Göttingen. Diesen Weg geht Senay Duzcu mit ihren Comedyprogrammen rund um die Themen Integration, Unterschiede und Missverständnisse zwischen Kulturen. Sie gilt als erste weibliche türkische Stand-up-Comedian in Deutschland. Unter dem Motto „Ich bleib’ dann mal hier“ steht sie auf der Bühne des Jungen Theaters (JT). Der Abend ist eine Kooperation zwischen Integrationsrat und KAZ.

Der Saal ist gut gefüllt. So gut, dass Duzcu sich darin an eine türkische Familienfeier erinnert fühlt. Gerade zu Hochzeiten würden viele Menschen kommen: „Zu unseren kleinen Hochzeiten kommen vielleicht 500 Leute. Unsere großen Hochzeiten sehen aus wie das Oktoberfest.“

Immer wieder stellt Duzcu Vergleiche zwischen Deutschen und Türken an, nimmt aber auch Klischees über andere Nationalitäten aufs Korn. Etwa wenn eine Freundin ihr einen Mann vorschlägt, mit dem man Pferde stehlen könne: „Aber was soll ich mit einem Pferd? Da nehme ich lieber einen Polen, der stiehlt Autos.“

Schwarzer Humor als Würze

Beim Publikum kommt Duzcu gut an. Auch weil ihre Witze nicht immer lieb bleiben. Mit schwarzen Humor verleiht sie dem Programm Würze: „Der Grund, warum meine Mutter immer zwei Meter hinter meinem Vater geht, ist eigentlich sehr schlau.

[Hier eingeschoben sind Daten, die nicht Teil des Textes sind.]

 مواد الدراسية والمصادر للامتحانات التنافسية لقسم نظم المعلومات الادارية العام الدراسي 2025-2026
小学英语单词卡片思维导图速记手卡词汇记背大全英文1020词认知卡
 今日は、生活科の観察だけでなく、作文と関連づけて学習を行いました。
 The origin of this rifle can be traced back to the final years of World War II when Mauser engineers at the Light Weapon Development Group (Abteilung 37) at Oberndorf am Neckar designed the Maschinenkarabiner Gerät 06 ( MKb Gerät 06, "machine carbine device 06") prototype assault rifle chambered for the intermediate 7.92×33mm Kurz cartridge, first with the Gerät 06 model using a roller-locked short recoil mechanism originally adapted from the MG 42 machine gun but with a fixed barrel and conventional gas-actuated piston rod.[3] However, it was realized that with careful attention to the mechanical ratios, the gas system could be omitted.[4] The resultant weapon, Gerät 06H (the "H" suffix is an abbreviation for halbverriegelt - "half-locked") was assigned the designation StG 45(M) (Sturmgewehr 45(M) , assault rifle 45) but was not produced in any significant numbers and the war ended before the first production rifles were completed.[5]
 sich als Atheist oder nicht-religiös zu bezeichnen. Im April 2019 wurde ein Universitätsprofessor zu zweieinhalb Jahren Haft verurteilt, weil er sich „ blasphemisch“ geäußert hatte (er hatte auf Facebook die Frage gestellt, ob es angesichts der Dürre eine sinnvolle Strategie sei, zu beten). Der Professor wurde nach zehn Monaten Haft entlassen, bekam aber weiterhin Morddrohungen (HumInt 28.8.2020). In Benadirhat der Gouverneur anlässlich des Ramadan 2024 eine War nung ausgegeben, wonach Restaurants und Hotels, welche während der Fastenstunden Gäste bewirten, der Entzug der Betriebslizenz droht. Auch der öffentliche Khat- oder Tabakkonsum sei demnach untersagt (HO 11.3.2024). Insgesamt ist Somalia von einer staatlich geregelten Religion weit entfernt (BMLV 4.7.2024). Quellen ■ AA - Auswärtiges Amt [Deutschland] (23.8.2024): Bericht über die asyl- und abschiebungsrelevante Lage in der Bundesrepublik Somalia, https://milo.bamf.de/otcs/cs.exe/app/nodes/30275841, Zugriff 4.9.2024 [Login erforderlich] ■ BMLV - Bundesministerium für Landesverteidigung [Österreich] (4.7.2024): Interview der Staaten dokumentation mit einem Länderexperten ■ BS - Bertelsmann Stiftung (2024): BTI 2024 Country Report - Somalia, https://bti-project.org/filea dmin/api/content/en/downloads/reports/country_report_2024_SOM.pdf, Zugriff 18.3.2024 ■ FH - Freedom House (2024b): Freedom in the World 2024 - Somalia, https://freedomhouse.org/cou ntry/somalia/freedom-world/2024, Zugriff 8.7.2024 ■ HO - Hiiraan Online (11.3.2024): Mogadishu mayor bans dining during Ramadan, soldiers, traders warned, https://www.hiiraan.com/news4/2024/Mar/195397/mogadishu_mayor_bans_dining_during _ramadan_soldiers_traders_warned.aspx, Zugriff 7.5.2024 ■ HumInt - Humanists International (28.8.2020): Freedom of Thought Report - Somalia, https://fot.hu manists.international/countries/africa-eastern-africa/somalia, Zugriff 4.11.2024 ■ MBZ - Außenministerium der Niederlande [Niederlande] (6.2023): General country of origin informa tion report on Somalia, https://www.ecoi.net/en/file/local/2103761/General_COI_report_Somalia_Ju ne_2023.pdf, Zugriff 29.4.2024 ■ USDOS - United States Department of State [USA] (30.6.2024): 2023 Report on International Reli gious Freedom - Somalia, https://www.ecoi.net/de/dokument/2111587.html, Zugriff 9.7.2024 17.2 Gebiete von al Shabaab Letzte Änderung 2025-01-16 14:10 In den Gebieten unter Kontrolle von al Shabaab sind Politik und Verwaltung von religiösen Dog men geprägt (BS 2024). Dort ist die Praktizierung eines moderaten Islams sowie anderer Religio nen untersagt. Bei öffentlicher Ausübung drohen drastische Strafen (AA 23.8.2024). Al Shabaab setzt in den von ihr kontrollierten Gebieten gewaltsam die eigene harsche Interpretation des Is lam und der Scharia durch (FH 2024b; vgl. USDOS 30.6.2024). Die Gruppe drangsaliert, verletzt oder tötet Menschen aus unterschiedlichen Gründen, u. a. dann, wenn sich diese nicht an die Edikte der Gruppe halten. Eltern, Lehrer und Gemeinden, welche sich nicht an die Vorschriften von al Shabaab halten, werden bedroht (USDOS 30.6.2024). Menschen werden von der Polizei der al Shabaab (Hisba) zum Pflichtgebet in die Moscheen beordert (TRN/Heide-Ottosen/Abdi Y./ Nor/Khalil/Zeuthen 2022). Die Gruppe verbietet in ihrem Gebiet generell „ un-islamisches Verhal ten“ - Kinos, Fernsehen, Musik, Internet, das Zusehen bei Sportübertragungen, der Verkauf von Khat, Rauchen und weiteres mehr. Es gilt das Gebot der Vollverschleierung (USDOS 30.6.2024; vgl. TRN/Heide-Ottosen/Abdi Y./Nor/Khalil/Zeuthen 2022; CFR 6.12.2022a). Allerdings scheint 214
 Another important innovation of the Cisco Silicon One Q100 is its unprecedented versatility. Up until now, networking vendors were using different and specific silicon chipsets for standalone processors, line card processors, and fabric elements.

Sie hat gehört, dass in Deutschland immer noch Bomben im Boden liegen, die noch nicht explodiert sind.“

Duzcu traut sich dabei auch an heikle Themen. Neonazis in Ostdeutschland zum Beispiel: „Die sagen, die Ausländer nehmen ihnen die Arbeitsplätze weg. Dabei gibt es dort gar keine Arbeitsplätze. Das wäre so, als würde man in Saudi-Arabien die Frauenrechte abschaffen.“

Duzcus Comedy ist eine zwischen den Stühlen. Kulturelle Unterschiede sind ihre Themen, womit sie beizeiten ernsthaft zum Nachdenken anregt. Etwa wenn sie über die Burka spricht und ihrem persönlichem ersten Impuls, die Frau darunter als Opfer zu sehen: „Wie komme ich eigentlich darauf, ihr helfen zu wollen?“ Schließlich wisse man gar nicht, was unter dem Schleier passiere.

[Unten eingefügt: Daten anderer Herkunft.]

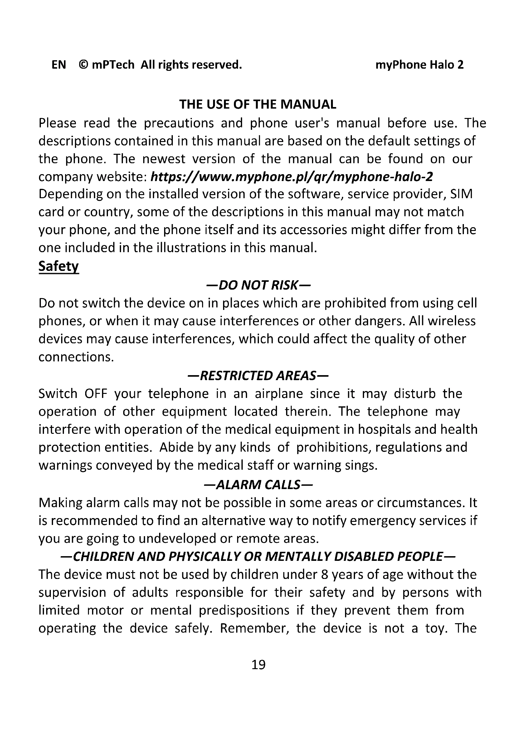 Do not switch the device on in places which are prohibited from using cell phones, or when it may cause interferences or other dangers. All wireless devices may cause interferences, which could affect the quality of other connections. —RESTRICTED AREAS— Switch OFF your telephone in an airplane since it may disturb the operation of other equipment located therein. The telephone may interfere with operation of the medical equipment in hospitals and health protection entities. Abide by any kinds of prohibitions, regulations and warnings conveyed by the medical staff or warning sings. —ALARM CALLS— Making alarm calls may not be possible in some areas or circumstances. It is recommended to find an alternative way to notify emergency services if you are going to undeveloped or remote areas. —CHILDREN AND PHYSICALLY OR MENTALLY DISABLED PEOPLE— The device must not be used by children under 8 years of age without the supervision of adults responsible for their safety and by persons with limited motor or mental predispositions if they prevent them from operating the device safely. Remember, the device is not a toy. TheEN © mPTech All rights reserved. myPhone Halo 2
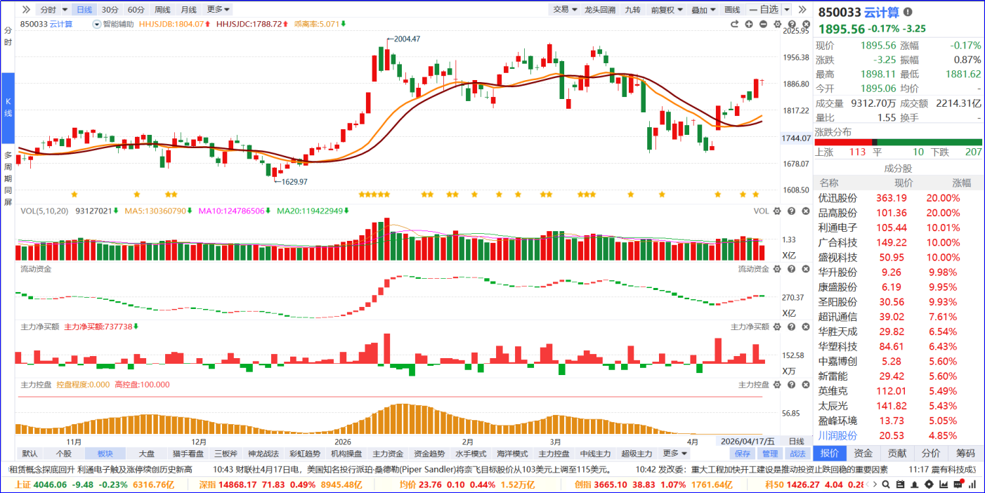 从软件信号看,云计算板块流动资金持续翻红,主力净买额红肥绿瘦。从炒作逻辑看,核心是我国AI日均Token调用量突破140万亿,较上年末增长超40%,验证AI商业化规模化应用进入爆发期,带动算力基础设施需求放量,板块迎来业绩与需求双驱动。从K线走势看,板块高位震荡修复,今日小幅调整,算力标的领涨;内部个股涨跌分化明显,涨停家数居市场前列。后续可聚焦板块内部5日主力排序靠前,优选流动资金持续翻红的个股跟踪。

Ob die Frau vielleicht ein Häschenkostüm trage oder allen Menschen die Zunge rausstrecke. Leider bleibt ihr Programm nicht immer auf diesem Niveau, und Duzcu driftet ab ins Alberne. Etwa wenn sie die bauchtanzende Angela Merkel mimt. Ein reizvoller Abend mit Luft nach oben.